**RECORDS FOR THE EXERCISE:**
--- START ---

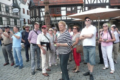In der Stille des Odenwaldes konnte sich Kultur, Geschichte und Gesundheit mit Geselligkeit - bei ausgezeichneter Küche - verknüpfen lassen. Michelstadt wurde mit einer Stadtführerin erkundet. Geschichtsträchtig waren u.a. das alte Rathaus (1484 erbaut), die Erbacher Rose aus Elfenbein und die Stadtmauer, welche von der - den Burggraben überquerenden - Brücke aus sehr schön zu sehen war. Am Begrüßungsabend überraschte und unterhielt uns in zeitgemäßer Tracht die sagenumwobene ,,Brunhild" mit stimmgewaltig in Szene gesetzten Erzählungen aus dem Leben Siegfrieds.
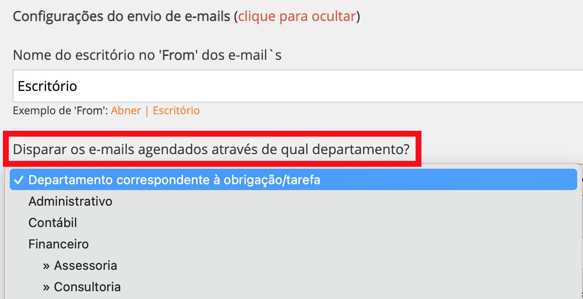 Mais uma novidade nas configurações do sistema: agora é possível escolher que todos os e-mails agendados saiam de um único departamento.
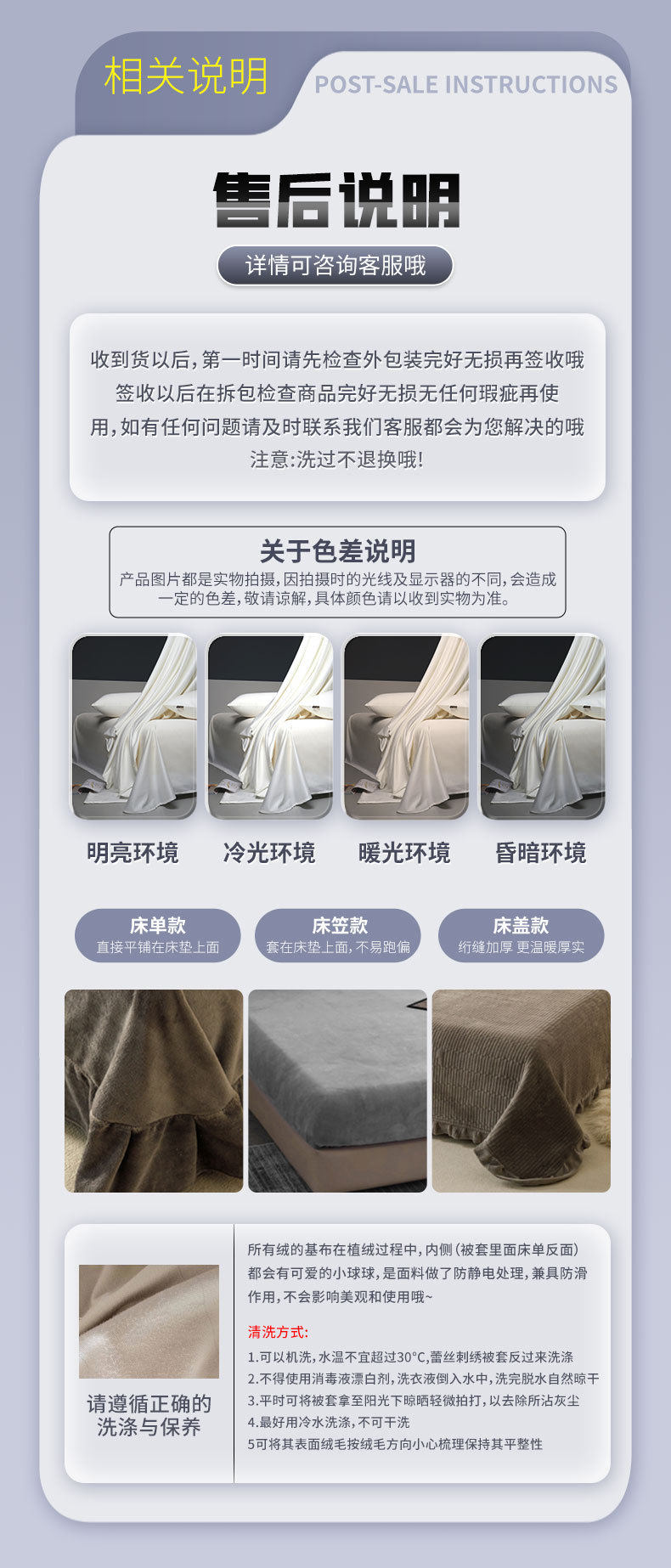 | Size specifications | 1.5m piece set (quilt cover 150*200, bed sheets 160*230, pillowcase 48*74*1),1.5m bed sheet four-piece set (quilt cover 200*230, sheets 230*245, pillowcase 48*74*2),1.8m bed sheet four-piece set (quilt cover 200*230, sheets 230*245, pillowcase 48*74*2),2.0m bed sheet four-piece set (quilt cover 220*240, sheets 230*245, pillowcase 48*74*2),1.5m fitted sheet set of four (quilt cover 200*230, fitted sheet 150*200*25cm, pillowcase 48*74*2),1.8m fitted sheet set of four (quilt cover 200*230, fitted sheet 180*200*25cm, pillowcase 48*74*2) |
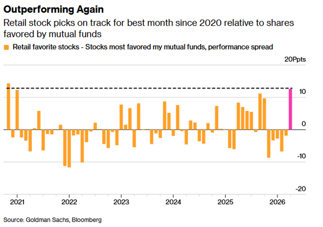 16、但是,散户投资者偏好的股票组合相对于共同基金重仓股的表现,正创下自2020年11月以来的最佳单月记录,超额收益已超过10个百分点。
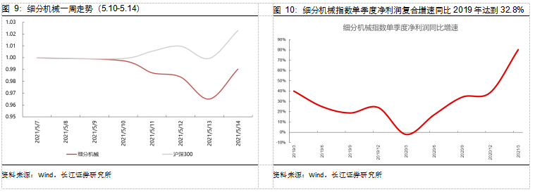 近期机械行业的关注点主要在原材料涨价以及海外疫情(印度)方面。原材料涨价对机械影响较大的板块为工程机械、叉车、电梯等,其成本占比较高,但可以通过向上游(零部件)及下游价格传导。本轮周期机械行业议价权有明显提升,机械很多板块均发出涨价通知,通胀传导路径相对通畅。印度疫情暂时影响部分出口企业的预期,但经去年Q4验证,海外需求通过向国内转单会有所疏解。
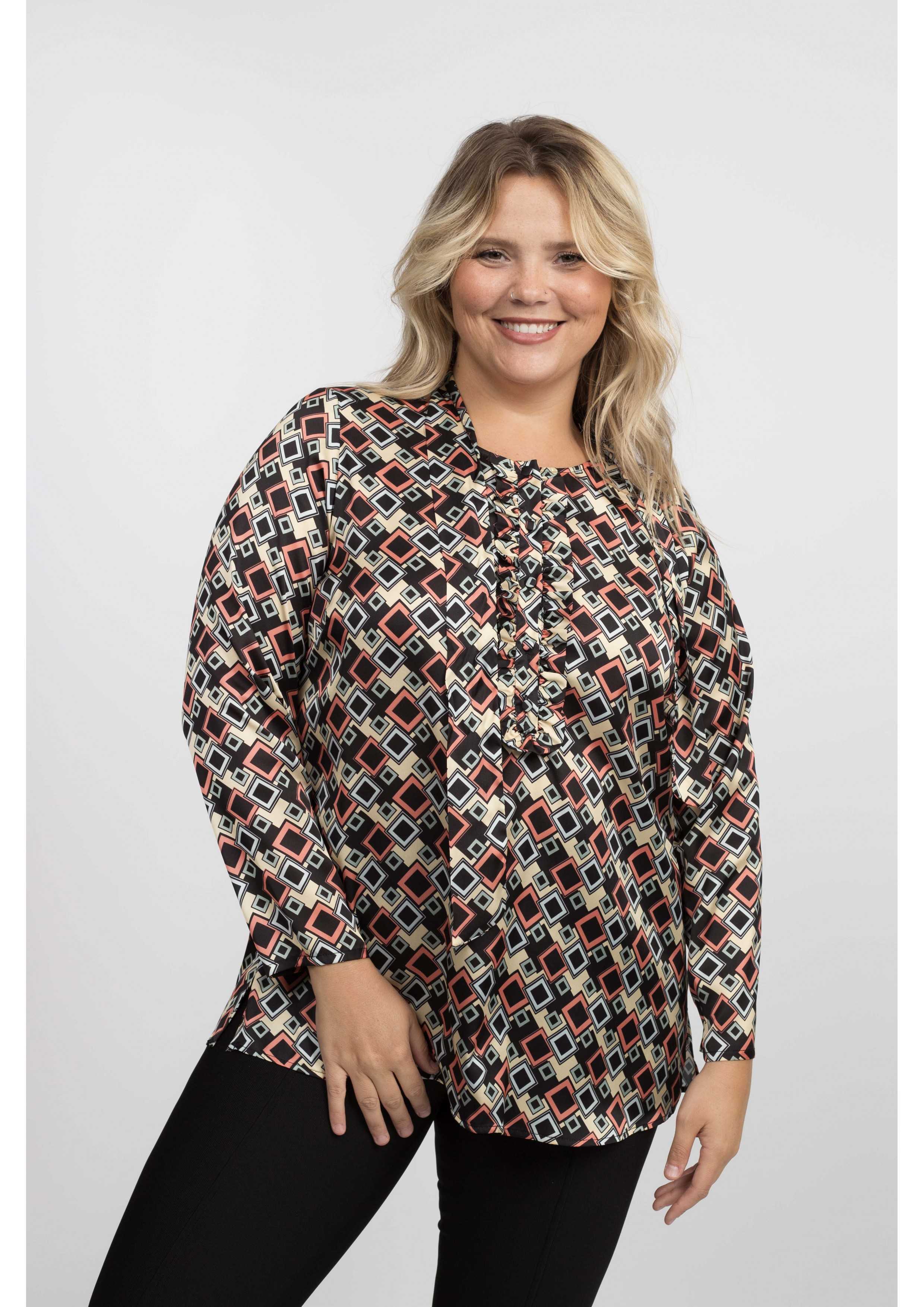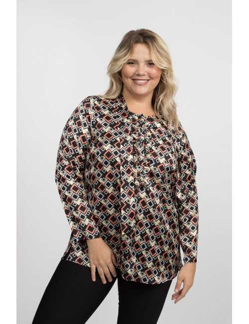 Blusa de manga comprida, folho na frente e laço no decote. Coleção: Outono Inverno Disponível em Tamanhos Grandes Produto de desenho e fabrico próprio. Somos uma marca de confeção de vestuário com mais de 50 anos de experiência Modelo: Altura 1.70m e está a vestir o tamanho 2XL.
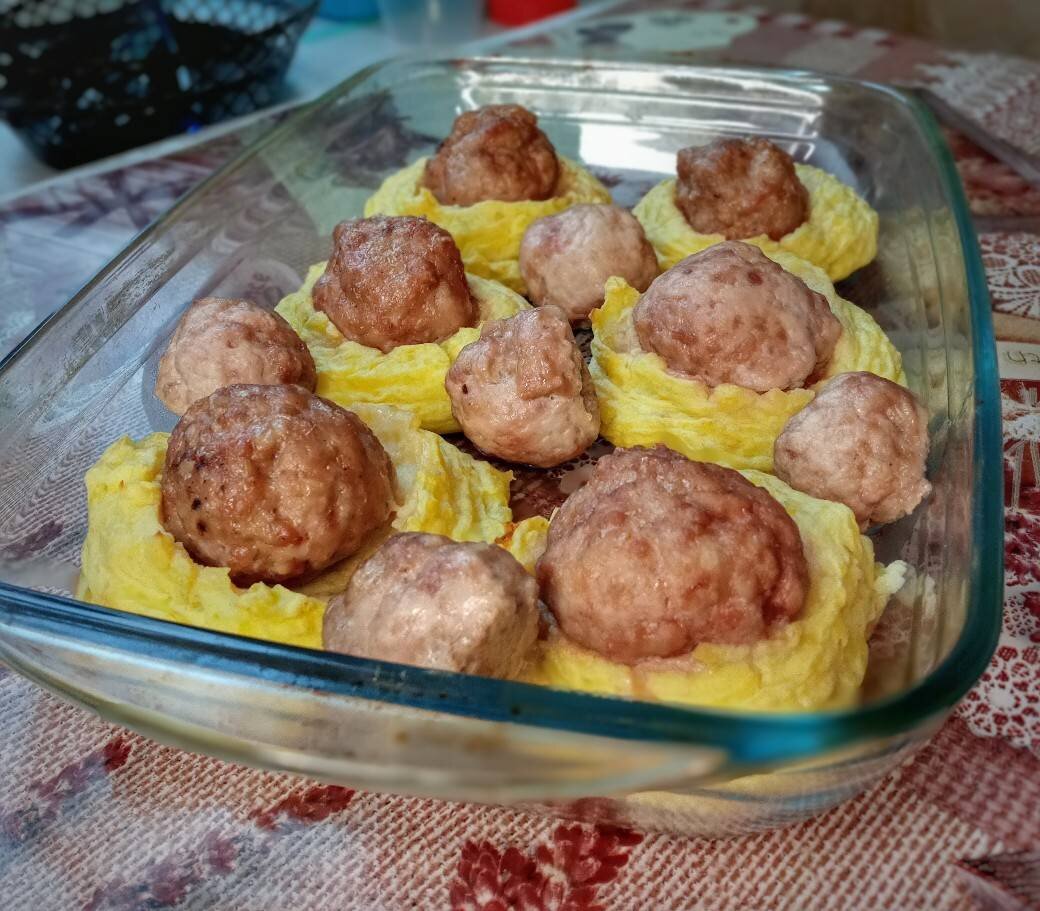 Картошка запечённая в духовке с тефтелями. Картофельные гнёзда🧆
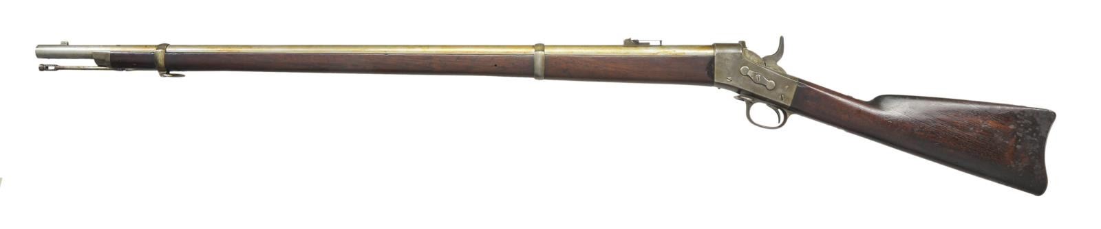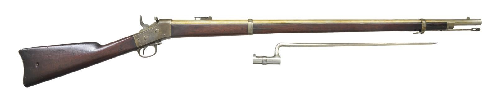 Cal. 50-70. NSN. Bbl. 36”. Mfg. 1871-1872. Fixed front & folding ladder adjustable rear sights. Two piece stock w/ two Bbl. bands; front band has a sling swivel. Bbl. in the white w/ case colored frame & tangs. Left stock flat w/ oval cartouche w/ Erskine Allen’s initials. UNATTACHED ACCESSORIES: Ramrod & “US” marked socket bayonet. CONDITION: metal remains in the white w/ dried grease throughout. Frame was case colored but now a fading brown/gray patina. Stock set has dings, dents & gouges. “ESA” oval cartouche is quite faint but remains visible. Bore is very good plus, bright & strongly rifled w/ fine to light pitting in the grooves. PROVENANCE: From the Raymond Darida Estate. (01-22218/CW). ANTIQUE. $800-1,200.
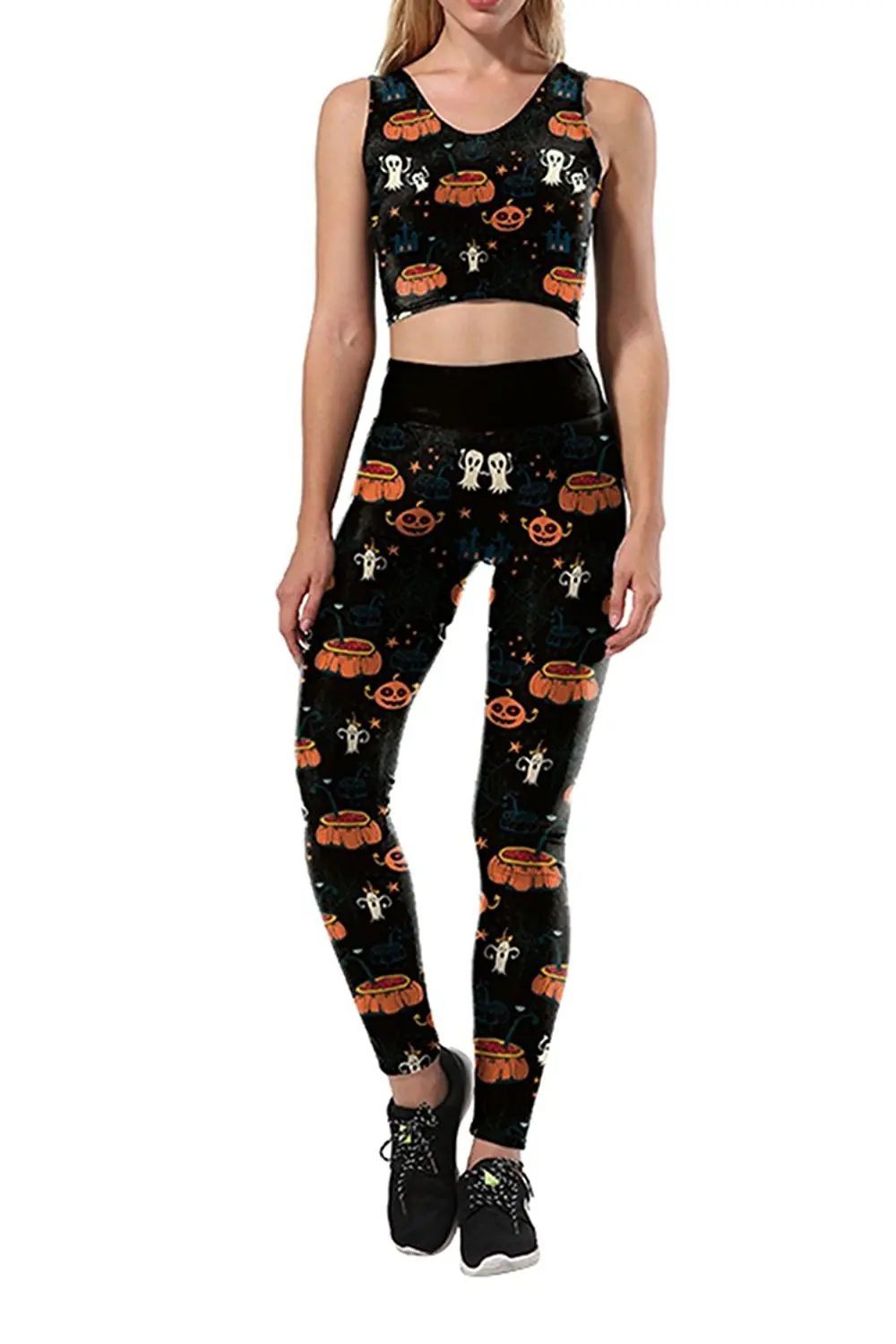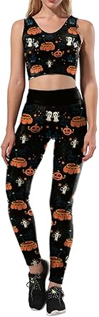 Halloween Unicorn Printed Crop Top Skinny Leggings Sports Suit
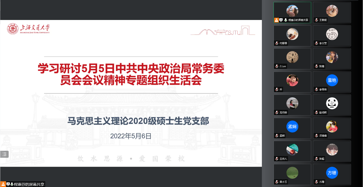 在77779193永利官网党委的部署下,2022年5月6日,马克思主义理论2020级硕士生党支部举行了线上专题组织生活会,深入中央政治局常委会会议精神。本次活动由党支部书记程惠芬同志主持,支部26名党员同志参加会议,12位入党积极分子列席会议。

--- END ---

Restate each line of the records exactly; pictures do not belong in the copy.

**ANSWER SPACE:**
In der Stille des Odenwaldes konnte sich Kultur, Geschichte und Gesundheit mit Geselligkeit - bei ausgezeichneter Küche - verknüpfen lassen. Michelstadt wurde mit einer Stadtführerin erkundet. Geschichtsträchtig waren u.a. das alte Rathaus (1484 erbaut), die Erbacher Rose aus Elfenbein und die Stadtmauer, welche von der - den Burggraben überquerenden - Brücke aus sehr schön zu sehen war. Am Begrüßungsabend überraschte und unterhielt uns in zeitgemäßer Tracht die sagenumwobene ,,Brunhild" mit stimmgewaltig in Szene gesetzten Erzählungen aus dem Leben Siegfrieds.
 Mais uma novidade nas configurações do sistema: agora é possível escolher que todos os e-mails agendados saiam de um único departamento.
 | Size specifications | 1.5m piece set (quilt cover 150*200, bed sheets 160*230, pillowcase 48*74*1),1.5m bed sheet four-piece set (quilt cover 200*230, sheets 230*245, pillowcase 48*74*2),1.8m bed sheet four-piece set (quilt cover 200*230, sheets 230*245, pillowcase 48*74*2),2.0m bed sheet four-piece set (quilt cover 220*240, sheets 230*245, pillowcase 48*74*2),1.5m fitted sheet set of four (quilt cover 200*230, fitted sheet 150*200*25cm, pillowcase 48*74*2),1.8m fitted sheet set of four (quilt cover 200*230, fitted sheet 180*200*25cm, pillowcase 48*74*2) |
 16、但是,散户投资者偏好的股票组合相对于共同基金重仓股的表现,正创下自2020年11月以来的最佳单月记录,超额收益已超过10个百分点。
 近期机械行业的关注点主要在原材料涨价以及海外疫情(印度)方面。原材料涨价对机械影响较大的板块为工程机械、叉车、电梯等,其成本占比较高,但可以通过向上游(零部件)及下游价格传导。本轮周期机械行业议价权有明显提升,机械很多板块均发出涨价通知,通胀传导路径相对通畅。印度疫情暂时影响部分出口企业的预期,但经去年Q4验证,海外需求通过向国内转单会有所疏解。
 Blusa de manga comprida, folho na frente e laço no decote. Coleção: Outono Inverno Disponível em Tamanhos Grandes Produto de desenho e fabrico próprio. Somos uma marca de confeção de vestuário com mais de 50 anos de experiência Modelo: Altura 1.70m e está a vestir o tamanho 2XL.
 Картошка запечённая в духовке с тефтелями. Картофельные гнёзда🧆
 Cal. 50-70. NSN. Bbl. 36”. Mfg. 1871-1872. Fixed front & folding ladder adjustable rear sights. Two piece stock w/ two Bbl. bands; front band has a sling swivel. Bbl. in the white w/ case colored frame & tangs. Left stock flat w/ oval cartouche w/ Erskine Allen’s initials. UNATTACHED ACCESSORIES: Ramrod & “US” marked socket bayonet. CONDITION: metal remains in the white w/ dried grease throughout. Frame was case colored but now a fading brown/gray patina. Stock set has dings, dents & gouges. “ESA” oval cartouche is quite faint but remains visible. Bore is very good plus, bright & strongly rifled w/ fine to light pitting in the grooves. PROVENANCE: From the Raymond Darida Estate. (01-22218/CW). ANTIQUE. $800-1,200.
 Halloween Unicorn Printed Crop Top Skinny Leggings Sports Suit
 在77779193永利官网党委的部署下,2022年5月6日,马克思主义理论2020级硕士生党支部举行了线上专题组织生活会,深入中央政治局常委会会议精神。本次活动由党支部书记程惠芬同志主持,支部26名党员同志参加会议,12位入党积极分子列席会议。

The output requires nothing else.